Все разошлись, палатка опустела. Туллия удержала Лукрецию и Фульвию при себе.
– Останьтесь здесь ненадолго, побудьте со мною, пока пройдет полночный час, – сказала она. – Поговорим!.. Сегодня отчего-то особенно овладел мной панический страх. Я не хочу быть в этот час одна. – Она всплеснула руками в суеверном ужасе. – О, полночь, полночь! О, как я боюсь этого времени, Фульвия!.. Чу!.. Слышишь?.. Как будто кто-то хохочет далеко отсюда, в лесу или в горах.
– Слышу, – ответила молодая девушка, – но никто там, тетушка, не хохочет. Это шум воды, в лесу ревет над оврагом водопад.
– Водопад! – повторила Туллия, вздрогнув. – Ужасный звук! Ты знаешь, сколько осужденных я отправила в Аид с той скалы, и вот они, всплывая над трясиной, в полночный час вместе с туманом летают, носятся над местом своей гибели, поют и стонут. Слышишь, Фульвия? Слышишь? Явственно и громко они меня кличут, они меня злодейкой зовут.

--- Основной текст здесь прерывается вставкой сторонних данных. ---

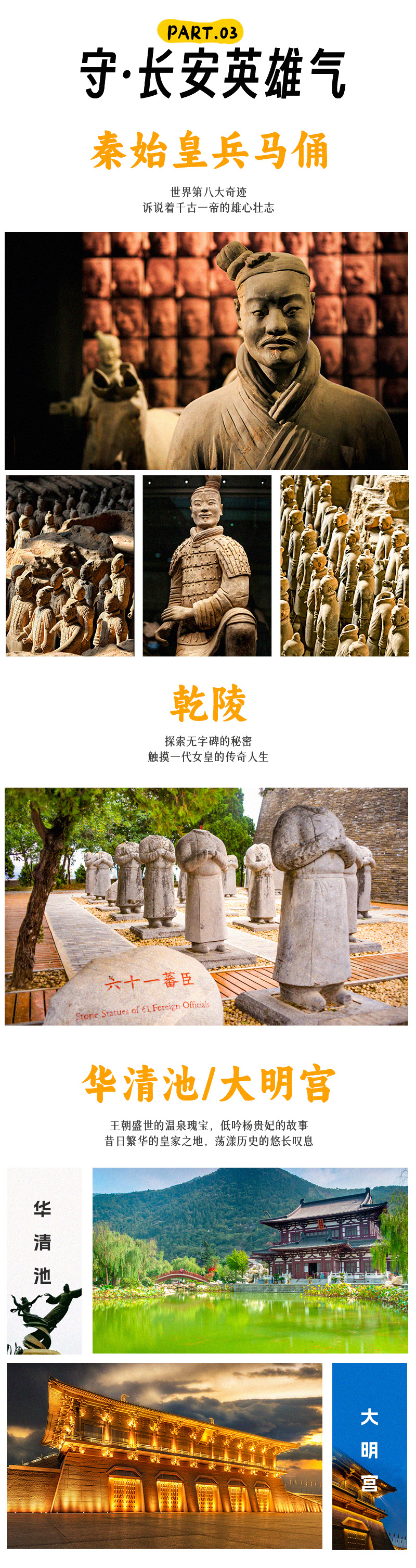 【门票】兵马俑首道大门票,华清池首道大门票或大明宫国家遗址公园大门票+定点讲解+电瓶车费用(二选一),乾陵门票及景交;(如您选择D4行程安排:另外包含城墙首道大门票,西安博物院大团讲解及耳麦费用,及汉服+妆造费用;)

– Усни скорее, могучая! – посоветовала Лукреция. – Мы тут посидим.
Она знала, что Туллия не переносит присутствия служанок подле нее не во время туалета, не удостаивая их ни словом разговора, поэтому и требовала для разделения ее одиночества родственниц.

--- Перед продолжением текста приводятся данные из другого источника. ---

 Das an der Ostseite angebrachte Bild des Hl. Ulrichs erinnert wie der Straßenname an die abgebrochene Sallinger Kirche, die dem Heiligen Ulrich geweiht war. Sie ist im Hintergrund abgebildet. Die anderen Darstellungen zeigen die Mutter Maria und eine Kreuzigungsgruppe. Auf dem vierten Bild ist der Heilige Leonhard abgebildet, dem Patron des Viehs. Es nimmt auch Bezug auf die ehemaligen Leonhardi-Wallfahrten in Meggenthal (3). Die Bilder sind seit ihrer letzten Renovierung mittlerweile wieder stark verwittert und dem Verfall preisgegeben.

Она ласково обняла Лукрецию, возражая на ее предложение.
– Я не могу теперь спать, не в силах. Эти ужасные мертвецы явятся мне во сне…
И лютая старуха затряслась от нервной дрожи.

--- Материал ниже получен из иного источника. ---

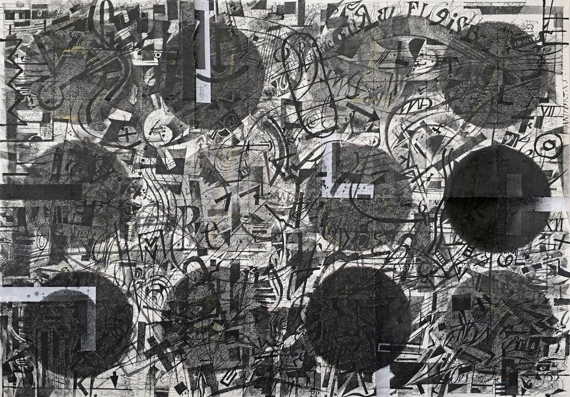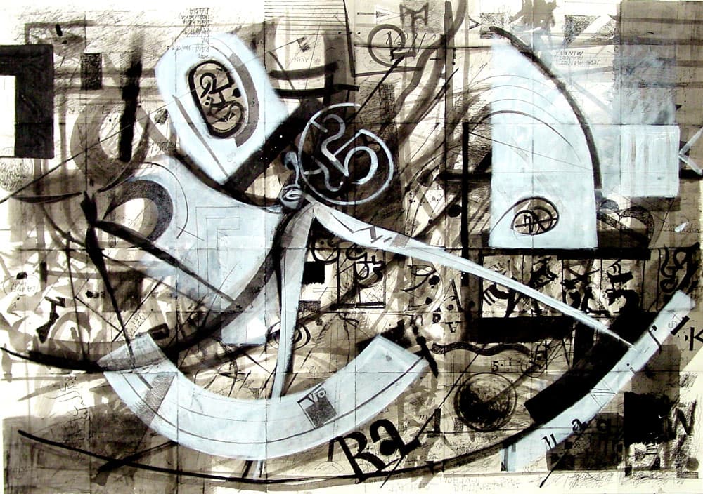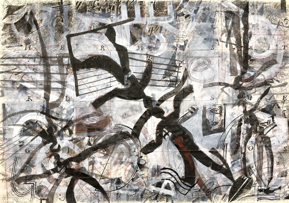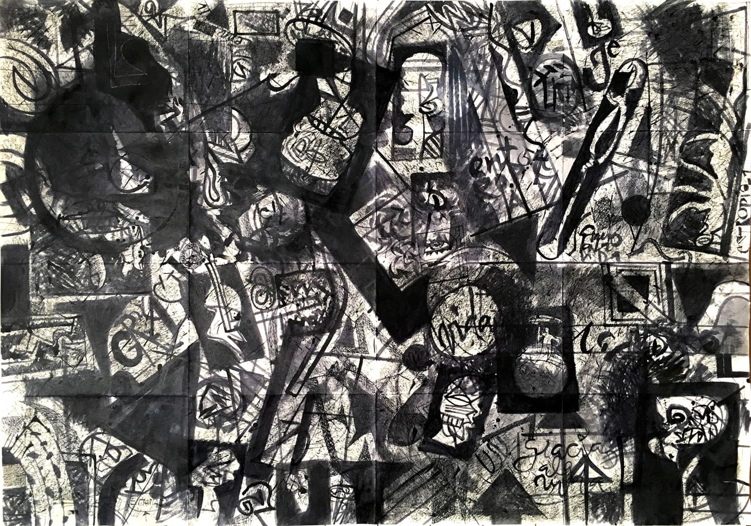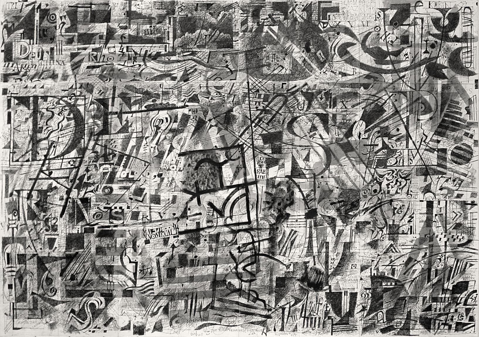 Was zuerst den Eindruck eines chaotischen Gekritzels erweckt, wird in einem abschliessenden Arbeitsvorgang neu strukturiert. Zum Einsatz kommen nicht nur Feder und Tusche, sondern auch Weisshöhungen mit Pinsel.

– Явятся… всю ночь станут мучить меня во сто крат хуже, нежели я их мучила. – Она горестно вздохнула, всплеснув руками. – Ах, Лукреция! Кого тревожит совесть, тому нельзя спокойно жить. Поверь мне, я постоянно страдаю, мне жить противно, горько… Поверь, все почести и власть я отдала бы за чистоту души. Простой бедняк-пахарь счастливее меня, он не чувствует приставаний злых фурий, не сделав ничего дурного. Житье таких людей завиднее моего. Целый день они работают по привычке, охотно, без всяких ужасных мыслей, а ночью спят до зари непробудно, и не придут убитые ими противники, не станут проклинать их из ада. А я… я мечусь, терзаюсь, не находя себе отрады. Ни удалить призраков, ни заглушить их голосов я не имею средств, и это почти каждую ночь… Такая пытка!.. Ах!.. Помоги мне, Лукреция, посоветуй что-нибудь… Не знаешь ли ты, какой жертвой лучше всего умилостивить тени казненных? Я много раз приносила им жертвы, но это не помогло мне.
Люди честные, трезвые, простодушные, многое понимают на свой лад и не в силах усвоить точку зрения настоящих злодеев, испорченных насквозь, до самых мелких фибр потемневшей души, не в силах понять и логику пьяниц, ставших полоумными от неумеренного питья вина, какой именно была Туллия, знаменитая жена Тарквиния Гордого.
Лукреция подумала, что сердце тиранки способно уступить голосу добродетели.
– В Ферентии казнен Турн, – сказала она, – здесь его сын ждет казни. Прости Эмилия, вели ему, как сыну умерщвленного, принести за тебя жертву теням мучающих тебя страдальцев. Они навсегда скроются в Аид, а твоя душа очистится от этого греха. Тень Турна за прощение сына примет тебя под свое покровительство, не даст другим призракам больше тревожить тебя. Твой страх пройдет, ты перестанешь бояться полуночи, темноты, шума водопада…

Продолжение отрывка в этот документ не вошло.